Janus
- Paradigm: concurrent constraint logic
- Designed by: Ken Kahn and Vijay A. Saraswat
- First appeared: 1990

Major implementations
- (none available)

= Janus (concurrent constraint programming language) =

Janus is a computer programming language partially described by K. Kahn and Vijay A. Saraswat in the paper "Actors as a special case of concurrent constraint (logic) programming" in 1990. It is a concurrent constraint language without backtracking.

Janus models concurrency through the use of bag channels. Code that needs to send a message to a process does so by constraining a bag to be the union of another bag and the singleton bag of the message. The other bag is then available to be constrained for sending subsequent messages.

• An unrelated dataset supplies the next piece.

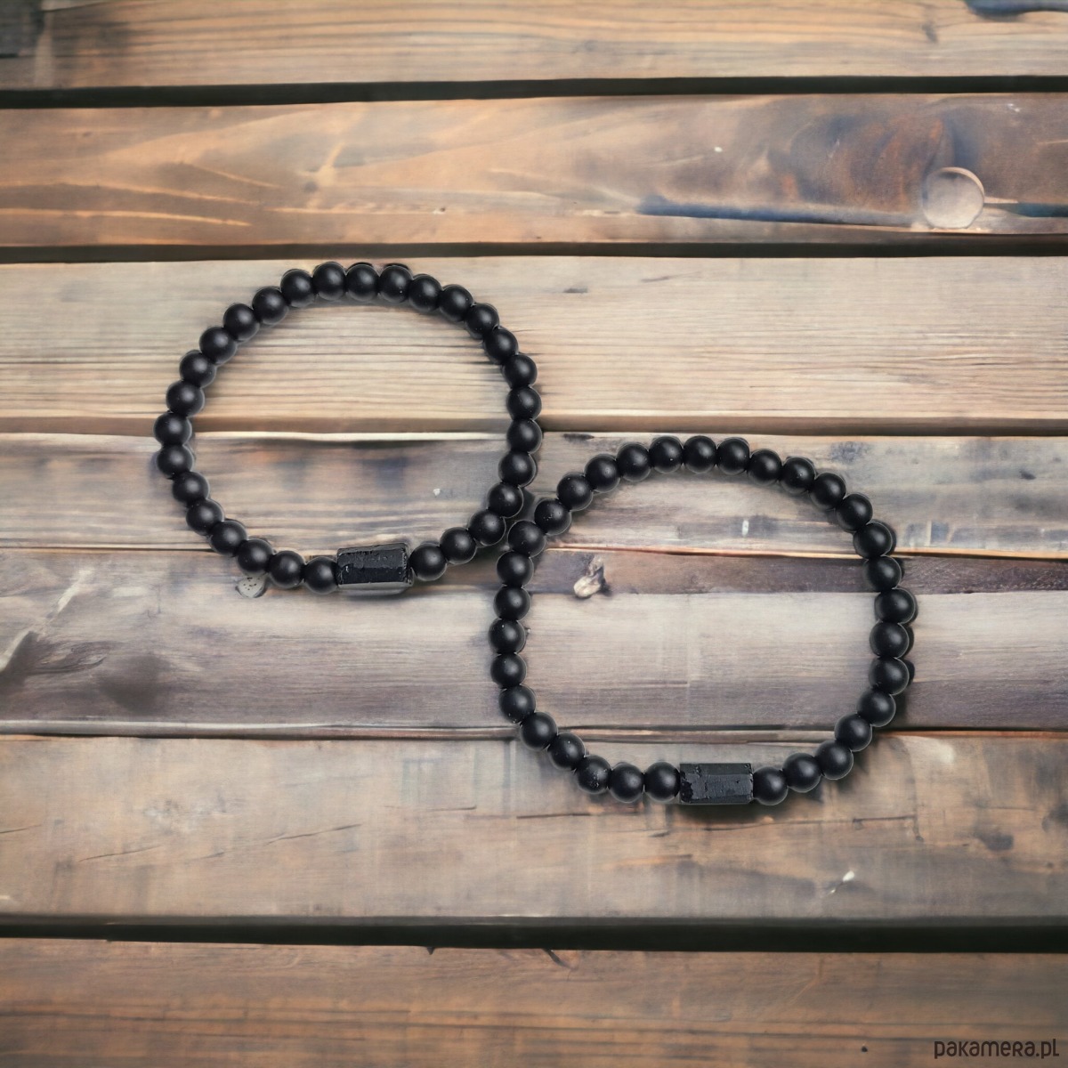 2x delikatna niezwykle ciekawa bransoletka- talizman wykonana z kuleczek matowego onyksu (6mm) oraz surowej bryłki czarnego turmalinu.

The process receives the message by matching the bag to a pattern that says it is the union of some singleton and some other bag. The logic of the bag channels produces a property shared by the actor model, namely that the order of arrival of the messages is not guaranteed. However, unlike actors in the actor model, processes in Janus can pass around their "mailboxes" so to speak, in the form of
bags, and can hold more than one. This ability to pass mailboxes around and hold more than one is inherited in computer programming language ToonTalk, which is influenced by Janus.

Janus, the programming language, is named after Janus, the two-faced Roman god, because every logical variable in Janus has as its two "faces", two aspects that can be passed as arguments. These are called the asker and the teller. These represent, respectively, the right to ask the value of the variable (or some characteristic of the value) and the right to tell the value (or to tell some constraint on what the value can be). The asker and teller aspects can be passed around as arguments independently of each other. Neither right implies the other right. The syntax of the language prevents copying a teller or exercising it more than once. Logical contradiction is statically prevented, according to Kahn and Saraswat.